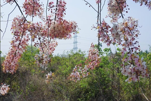彰化「二水花旗木步道」的花旗木開了。
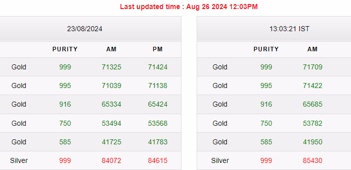 According to the India Bullion And Jewellers Association, on Friday evening, August 23, the price of 24-carat gold was 71,424 rupees per 10 grams, which has now risen to 71,709 rupees as of the morning of August 26, 2024. Similarly, both gold and silver have become more expensive based on purity.
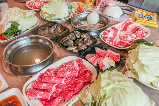 老公點了海陸雙拼,海鮮類有鯛魚、蛤蜊、鮮蝦任選一,肉品就是沙朗牛、梅花豬、雪花羊任選一,老公選了蛤蜊+沙朗牛,不誇張,他的蛤蜊真的超級大顆,來川田涮涮鍋點蛤蜊就對了,每一顆都比50元大喔

→ **Problem description**: What you give back must match the material word for word, with no images included.

→ **Written reply**:
彰化「二水花旗木步道」的花旗木開了。
 According to the India Bullion And Jewellers Association, on Friday evening, August 23, the price of 24-carat gold was 71,424 rupees per 10 grams, which has now risen to 71,709 rupees as of the morning of August 26, 2024. Similarly, both gold and silver have become more expensive based on purity.
 老公點了海陸雙拼,海鮮類有鯛魚、蛤蜊、鮮蝦任選一,肉品就是沙朗牛、梅花豬、雪花羊任選一,老公選了蛤蜊+沙朗牛,不誇張,他的蛤蜊真的超級大顆,來川田涮涮鍋點蛤蜊就對了,每一顆都比50元大喔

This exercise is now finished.